Another discussed instruction from a market-based perspective: What we do know from what we’ve done with the first phase of this enrollment is that it’s our product that people are not willing to pay for. So, if you think about what the pieces of the product are, one has to be instruction and test scores . . . we clearly have to improve that.
Under intense pressure to improve, the Archdiocese has been highly flexible. Whereas the Center held fast to many parts of its Montessori identity, the Archdiocese was more flexible in redesigning itself; to do otherwise was to risk closing more schools in the face of competition from charters. One approach was to build new infrastructure—to adopt pieces of the public-school model, that is, to “pull in” parts of the public sector as a strategy to try to improve (Spillane, Seelig, Blaushild, Cohen, & Peurach, 2019). This involved moving closer to the public sector, as the Archdiocese adopted standards-based report cards, assessments aligned with the Common Core, common curricula, and a blended learning instructional approach. For some leaders, the decision to adopt pieces of the public school model was tied to the decision to adopt the Common Core: “I think that it was because we take the [state exam], and there was concern about the test scores and wanted to have a more rigorous curriculum that aligned better to Common Core and to the state test.” One leader explained, We have bought into taking the public school state test . . . If you’re going to participate in this year-end test, you’d better do the curriculum that they’re doing so there’s an alignment and you don’t put the kids at a disadvantage . . . I’m not going to give a Common Core test at the end of the year and not teach Common Core.

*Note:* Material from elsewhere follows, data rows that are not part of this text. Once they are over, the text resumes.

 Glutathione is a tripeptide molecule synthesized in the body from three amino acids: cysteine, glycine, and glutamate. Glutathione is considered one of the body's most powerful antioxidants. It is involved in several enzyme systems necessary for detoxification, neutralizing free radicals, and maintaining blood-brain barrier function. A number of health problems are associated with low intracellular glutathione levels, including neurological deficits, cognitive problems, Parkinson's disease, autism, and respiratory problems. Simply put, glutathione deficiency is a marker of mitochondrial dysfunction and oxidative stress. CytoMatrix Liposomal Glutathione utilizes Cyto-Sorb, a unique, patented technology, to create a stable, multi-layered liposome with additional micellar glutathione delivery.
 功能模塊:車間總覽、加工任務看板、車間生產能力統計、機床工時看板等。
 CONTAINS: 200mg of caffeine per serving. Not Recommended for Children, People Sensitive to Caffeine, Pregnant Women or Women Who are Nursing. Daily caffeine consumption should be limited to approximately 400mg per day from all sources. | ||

Yet even with the move toward a common curriculum, identity could not be decided in one fell swoop at the center. The Archdiocesan schools had been decentralized, so there was considerable variation across the system: “. . . there are still some schools that have 20-year-old textbooks that are still being used . . . And some have more recent-than-that books.”
Leaders also varied in whether they believed the system was taking the right approach. Some believed that because the standards-based report cards and new assessments had been implemented, instruction was improved. Others argued that those pieces of infrastructure were being built without first developing consensus around what good instruction looks like: This is like us trying to put some really concrete language into, this is what we mean when we say skilled teaching. And this is what we mean when we say every teacher in the archdiocese should do these things, so that we all speak the same language, we’re all aligned to this. And then they’ll say, “But we’re doing new report cards and we have a new interim [assessment.].” We’re like, No, no, this isn’t—so it was a struggle to get people to understand.

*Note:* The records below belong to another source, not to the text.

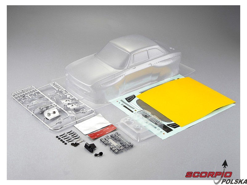 Niepomalowana karoseria Alfa Romeo 2000 GTAm z akcesoriami. Karoseria nie ma wywierconych otworów. W zestawie są również maskownice okien, zestaw chromowanych części (szkła lusterek, rury wydechowe oraz reflektory), zestaw czarnych plastikowych elementów (lusterka, ...), jak również inne akcesoria (zestaw śrub, dwustronna taśma klejąca,…).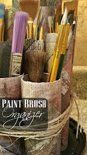 17. Empty paper towel rolls, toilet paper tubes and wrapping paper rolls make a great DIY paint brush holder.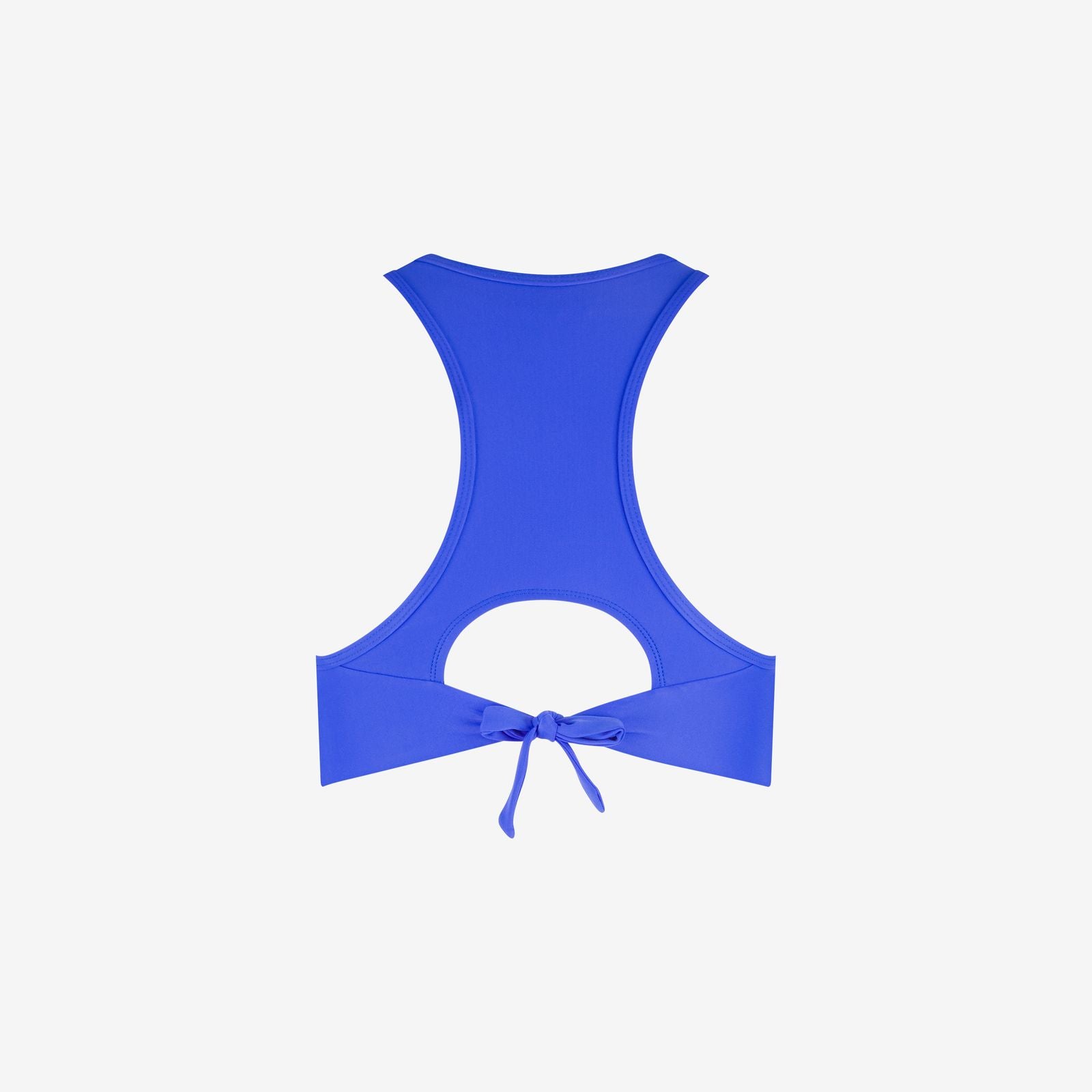 Built for performance, this sports bikini top features a streamlined high neckline and secure tie-back for a custom fit. Made from chlorine resistant swimwear fabric, it’s a bold and breathable essential for everything from lap swims to surf sessions.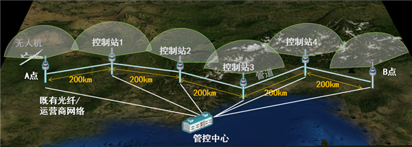 通過(guò)建立地面測(cè)控站,管控中心通過(guò)測(cè)控站組網(wǎng)對(duì)無(wú)人機(jī)進(jìn)行遠(yuǎn)程控制。按飛行計(jì)劃獲取沿線的影像及視頻數(shù)據(jù),通過(guò)一體化測(cè)控網(wǎng)絡(luò)匯集傳遞到管控中心。無(wú)人機(jī)測(cè)控網(wǎng)絡(luò)示意圖如圖 3所示。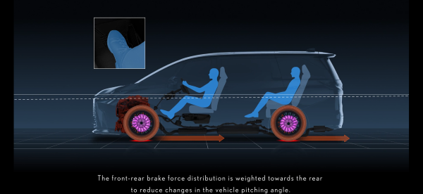 Lexus LM500h trang bị hệ thống kiểm soát tư thế xe (Kiểm soát mấp mô thân xe). Trong quá trình phanh, sự phân bổ lực phanh trước-sau thay đổi tùy thuộc vào lực phanh của người lái và tác động theo phương thẳng đứng của hệ thống treo. Lực phanh được dồn về phía sau để giảm sự thay đổi độ cao và ngăn chặn lực nâng đuôi xe, do đó cải thiện chất lượng di chuyển của hàng ghế sau và giảm thiểu chuyển động từ trước ra sau.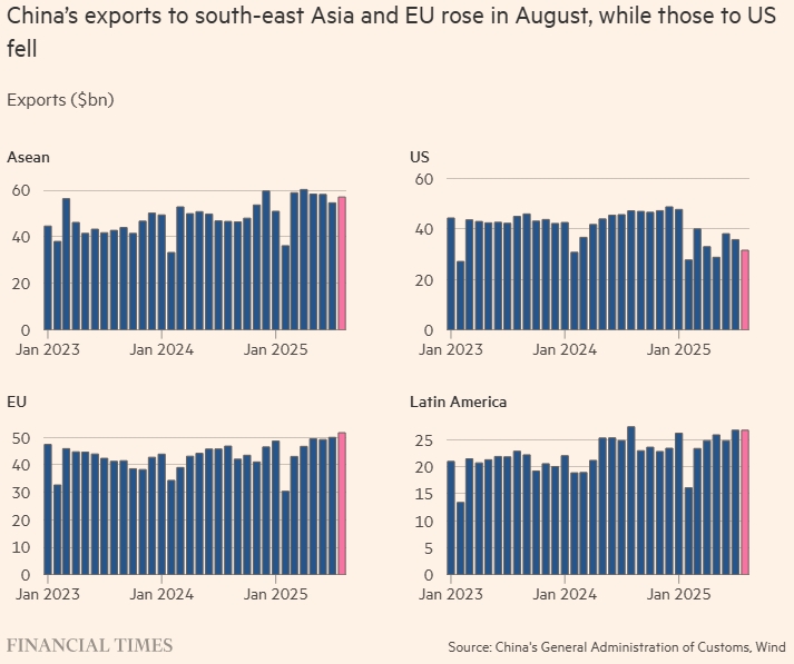 Экспорт Китая в США в августе снизился на 33 %, продолжив тенденцию к падению, начавшуюся в последние месяцы. Однако экспорт в другие регионы, такие как Юго-Восточная Азия, вырос, что привлекло внимание к возможному изменению маршрутов поставок. Экспорт в Юго-Восточную Азию увеличился на 22,5 % в августе, а в ЕС — на 10 %.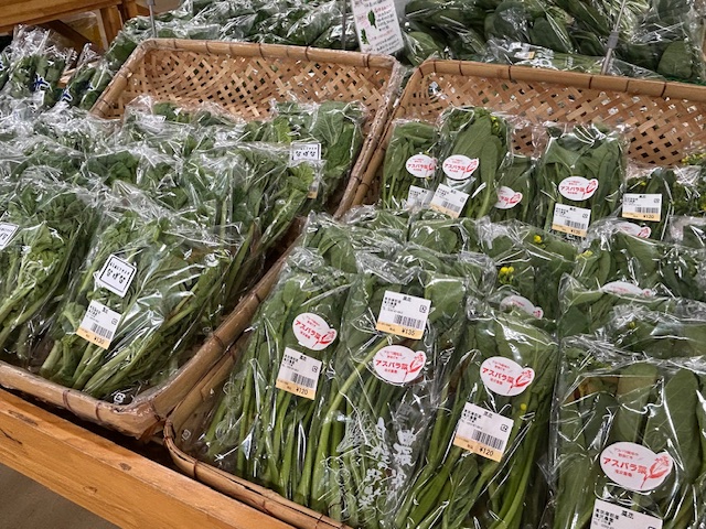 アスパラ菜やほうれん草など葉物野菜が入荷しています。アスパラ菜はアスパラとは違いますがアスパラに似た風味と食感をもっています。クセが少ない野菜なのでおひたしや炒め物などにも向いています。なかなか出会うチャンスが少ない野菜かと思いますのでぜひ試してみてください。

Although the system recently adopted blended learning, it is unclear how well it is understood. Several leaders commented that some teachers did not know how to implement it. One told us that teachers and leaders imagine that technology will automatically address instructional challenges: “So a lot of people say, ‘Well, we just need to get computers and software and that will solve our problems.’” Another explained, “I feel like we have gone in the wrong order. So we worked on the tool and not on the instruction, and so it’s not going to match what teachers are actually doing in classrooms and how they’re assessing children.”

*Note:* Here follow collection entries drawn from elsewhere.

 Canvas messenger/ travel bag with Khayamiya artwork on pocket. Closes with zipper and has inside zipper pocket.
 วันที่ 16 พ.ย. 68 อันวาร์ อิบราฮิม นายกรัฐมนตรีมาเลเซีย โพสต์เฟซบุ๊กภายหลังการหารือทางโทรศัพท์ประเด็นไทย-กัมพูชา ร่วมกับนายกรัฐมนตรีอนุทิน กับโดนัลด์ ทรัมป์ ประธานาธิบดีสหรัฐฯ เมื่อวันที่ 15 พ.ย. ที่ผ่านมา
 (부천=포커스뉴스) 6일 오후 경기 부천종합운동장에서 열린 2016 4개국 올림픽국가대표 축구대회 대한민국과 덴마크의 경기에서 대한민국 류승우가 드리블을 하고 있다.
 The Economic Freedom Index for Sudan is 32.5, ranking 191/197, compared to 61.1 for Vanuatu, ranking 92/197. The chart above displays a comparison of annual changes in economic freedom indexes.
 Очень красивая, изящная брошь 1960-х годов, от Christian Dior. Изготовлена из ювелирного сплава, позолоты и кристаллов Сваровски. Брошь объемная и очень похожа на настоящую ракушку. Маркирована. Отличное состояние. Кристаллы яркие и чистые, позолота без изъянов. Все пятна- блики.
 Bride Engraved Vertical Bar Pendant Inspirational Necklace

The challenge of improving instruction was tied to the challenge of identity. The Center’s fidelity to Montessori enabled it to build new supports around that method as it enrolled new students; the Archdiocese’s crisis of identity meant there was no agreed-upon pedagogical approach around which it could build new supports. One leader explained that she saw the new focus on state standards as misplaced because it had not been developed as part of a shared understanding of mission and identity: It’s not bad to give attention to [standards and assessments] . . . but it’s not given attention in relation to what our mission is . . . Not that the attention to those things is bad—but that it’s immediately in a reactive way, immediately gone to there without a reflection of why and what that means in terms of who we are and what our mission is.
Another noted, “A decision was not made as to what is our vision, so we just fell into that mediocrity.” She further explained, We tend to be in a mode that’s reactive. We react to things. We try to compete with other schools that aren’t us, and so we react and create more programs and more strategies, rather than beginning from the originality of who we are and what our mission is.
Another leader explained, “if you were [asking], . . . ‘What is the academic vision for the Archdiocese?’ I don’t know that I could define it concretely . . .”
Hence it appears that supports are being added in a piecemeal fashion, at least at the time of this study, rather than being aligned to a tightly defined instructional core. The Center started with a pedagogical approach and built infrastructure around it, but the Archdiocese built infrastructure without a clear idea of its pedagogical approach. Infrastructure was added from the outside in rather than from the inside out.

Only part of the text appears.